Material for this task:
========================================

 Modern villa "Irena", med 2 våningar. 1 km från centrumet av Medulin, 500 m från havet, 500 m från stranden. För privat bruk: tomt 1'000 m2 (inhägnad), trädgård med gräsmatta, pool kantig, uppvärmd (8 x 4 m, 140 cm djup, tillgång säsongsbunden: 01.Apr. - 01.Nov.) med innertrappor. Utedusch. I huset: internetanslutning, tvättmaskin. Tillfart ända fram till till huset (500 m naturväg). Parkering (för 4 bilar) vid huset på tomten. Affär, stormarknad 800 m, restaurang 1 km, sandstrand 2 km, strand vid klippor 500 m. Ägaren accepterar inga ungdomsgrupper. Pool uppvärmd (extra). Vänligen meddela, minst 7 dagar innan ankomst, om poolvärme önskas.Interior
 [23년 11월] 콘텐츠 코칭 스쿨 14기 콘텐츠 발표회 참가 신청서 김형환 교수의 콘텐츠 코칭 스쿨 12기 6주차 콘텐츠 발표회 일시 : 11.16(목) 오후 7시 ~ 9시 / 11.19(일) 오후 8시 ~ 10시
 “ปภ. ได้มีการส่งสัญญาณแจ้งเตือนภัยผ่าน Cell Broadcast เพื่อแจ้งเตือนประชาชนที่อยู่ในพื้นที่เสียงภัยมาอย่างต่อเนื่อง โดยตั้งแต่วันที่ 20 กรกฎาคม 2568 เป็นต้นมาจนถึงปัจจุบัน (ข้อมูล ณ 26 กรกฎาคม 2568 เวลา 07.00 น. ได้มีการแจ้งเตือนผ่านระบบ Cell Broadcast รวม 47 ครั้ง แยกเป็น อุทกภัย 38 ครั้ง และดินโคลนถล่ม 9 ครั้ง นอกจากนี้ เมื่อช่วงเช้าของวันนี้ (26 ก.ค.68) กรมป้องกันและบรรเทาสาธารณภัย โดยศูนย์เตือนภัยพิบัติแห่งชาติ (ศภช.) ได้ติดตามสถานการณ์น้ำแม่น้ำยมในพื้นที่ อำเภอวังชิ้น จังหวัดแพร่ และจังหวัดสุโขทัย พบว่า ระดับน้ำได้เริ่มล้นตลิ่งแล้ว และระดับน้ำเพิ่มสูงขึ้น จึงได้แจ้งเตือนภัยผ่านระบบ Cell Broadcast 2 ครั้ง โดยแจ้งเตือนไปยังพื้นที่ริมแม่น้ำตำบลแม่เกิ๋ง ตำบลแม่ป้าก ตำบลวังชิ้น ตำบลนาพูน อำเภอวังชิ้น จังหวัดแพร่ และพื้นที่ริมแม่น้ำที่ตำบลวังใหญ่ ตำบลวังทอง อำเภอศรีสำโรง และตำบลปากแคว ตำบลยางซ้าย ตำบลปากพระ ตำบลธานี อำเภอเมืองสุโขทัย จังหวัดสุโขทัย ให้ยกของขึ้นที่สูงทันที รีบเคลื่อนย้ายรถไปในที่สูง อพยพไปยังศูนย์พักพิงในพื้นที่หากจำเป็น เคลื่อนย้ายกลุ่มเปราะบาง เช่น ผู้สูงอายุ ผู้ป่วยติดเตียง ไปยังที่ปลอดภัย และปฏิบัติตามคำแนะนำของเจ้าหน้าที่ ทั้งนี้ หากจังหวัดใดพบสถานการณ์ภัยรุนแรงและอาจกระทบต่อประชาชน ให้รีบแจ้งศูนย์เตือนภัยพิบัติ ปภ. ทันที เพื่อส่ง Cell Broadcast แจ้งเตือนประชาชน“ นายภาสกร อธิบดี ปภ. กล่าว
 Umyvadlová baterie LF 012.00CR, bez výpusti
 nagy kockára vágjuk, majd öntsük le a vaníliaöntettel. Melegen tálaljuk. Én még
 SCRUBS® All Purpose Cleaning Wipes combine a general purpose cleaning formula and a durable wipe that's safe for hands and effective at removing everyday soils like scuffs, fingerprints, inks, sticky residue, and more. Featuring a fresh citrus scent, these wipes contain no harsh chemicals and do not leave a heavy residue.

========================================

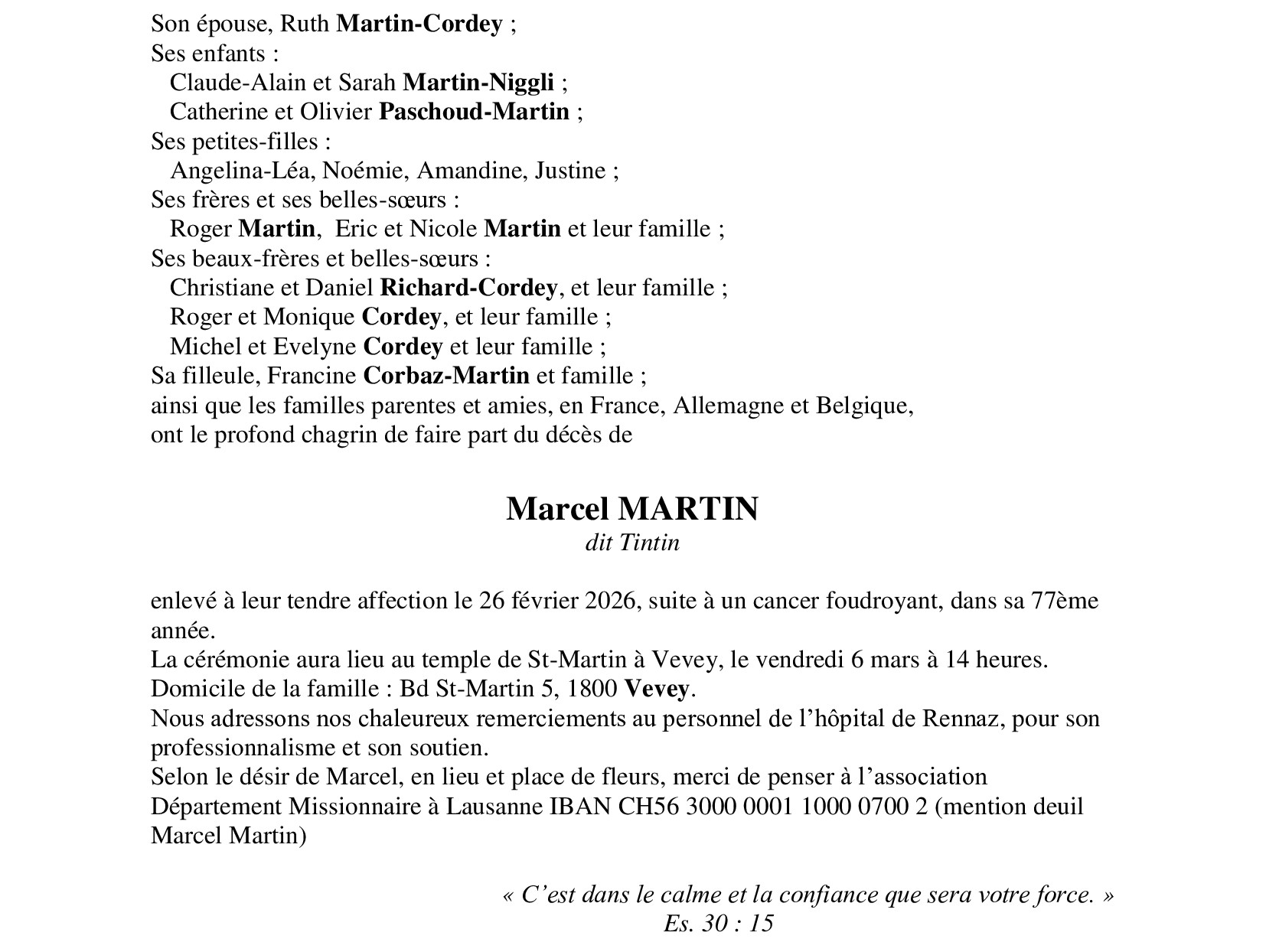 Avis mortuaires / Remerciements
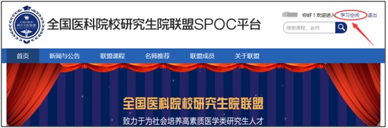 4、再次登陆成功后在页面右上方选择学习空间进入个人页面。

========================================

What the task requires: Copy the lines of the data above exactly as written, beginning with the line containing "om poolvärme önskas.Interior" and ending with the line containing "nagy kockára vágjuk, majd", and leave out all other lines.

Result:
 Modern villa "Irena", med 2 våningar. 1 km från centrumet av Medulin, 500 m från havet, 500 m från stranden. För privat bruk: tomt 1'000 m2 (inhägnad), trädgård med gräsmatta, pool kantig, uppvärmd (8 x 4 m, 140 cm djup, tillgång säsongsbunden: 01.Apr. - 01.Nov.) med innertrappor. Utedusch. I huset: internetanslutning, tvättmaskin. Tillfart ända fram till till huset (500 m naturväg). Parkering (för 4 bilar) vid huset på tomten. Affär, stormarknad 800 m, restaurang 1 km, sandstrand 2 km, strand vid klippor 500 m. Ägaren accepterar inga ungdomsgrupper. Pool uppvärmd (extra). Vänligen meddela, minst 7 dagar innan ankomst, om poolvärme önskas.Interior
 [23년 11월] 콘텐츠 코칭 스쿨 14기 콘텐츠 발표회 참가 신청서 김형환 교수의 콘텐츠 코칭 스쿨 12기 6주차 콘텐츠 발표회 일시 : 11.16(목) 오후 7시 ~ 9시 / 11.19(일) 오후 8시 ~ 10시
 “ปภ. ได้มีการส่งสัญญาณแจ้งเตือนภัยผ่าน Cell Broadcast เพื่อแจ้งเตือนประชาชนที่อยู่ในพื้นที่เสียงภัยมาอย่างต่อเนื่อง โดยตั้งแต่วันที่ 20 กรกฎาคม 2568 เป็นต้นมาจนถึงปัจจุบัน (ข้อมูล ณ 26 กรกฎาคม 2568 เวลา 07.00 น. ได้มีการแจ้งเตือนผ่านระบบ Cell Broadcast รวม 47 ครั้ง แยกเป็น อุทกภัย 38 ครั้ง และดินโคลนถล่ม 9 ครั้ง นอกจากนี้ เมื่อช่วงเช้าของวันนี้ (26 ก.ค.68) กรมป้องกันและบรรเทาสาธารณภัย โดยศูนย์เตือนภัยพิบัติแห่งชาติ (ศภช.) ได้ติดตามสถานการณ์น้ำแม่น้ำยมในพื้นที่ อำเภอวังชิ้น จังหวัดแพร่ และจังหวัดสุโขทัย พบว่า ระดับน้ำได้เริ่มล้นตลิ่งแล้ว และระดับน้ำเพิ่มสูงขึ้น จึงได้แจ้งเตือนภัยผ่านระบบ Cell Broadcast 2 ครั้ง โดยแจ้งเตือนไปยังพื้นที่ริมแม่น้ำตำบลแม่เกิ๋ง ตำบลแม่ป้าก ตำบลวังชิ้น ตำบลนาพูน อำเภอวังชิ้น จังหวัดแพร่ และพื้นที่ริมแม่น้ำที่ตำบลวังใหญ่ ตำบลวังทอง อำเภอศรีสำโรง และตำบลปากแคว ตำบลยางซ้าย ตำบลปากพระ ตำบลธานี อำเภอเมืองสุโขทัย จังหวัดสุโขทัย ให้ยกของขึ้นที่สูงทันที รีบเคลื่อนย้ายรถไปในที่สูง อพยพไปยังศูนย์พักพิงในพื้นที่หากจำเป็น เคลื่อนย้ายกลุ่มเปราะบาง เช่น ผู้สูงอายุ ผู้ป่วยติดเตียง ไปยังที่ปลอดภัย และปฏิบัติตามคำแนะนำของเจ้าหน้าที่ ทั้งนี้ หากจังหวัดใดพบสถานการณ์ภัยรุนแรงและอาจกระทบต่อประชาชน ให้รีบแจ้งศูนย์เตือนภัยพิบัติ ปภ. ทันที เพื่อส่ง Cell Broadcast แจ้งเตือนประชาชน“ นายภาสกร อธิบดี ปภ. กล่าว
 Umyvadlová baterie LF 012.00CR, bez výpusti
 nagy kockára vágjuk, majd öntsük le a vaníliaöntettel. Melegen tálaljuk. Én még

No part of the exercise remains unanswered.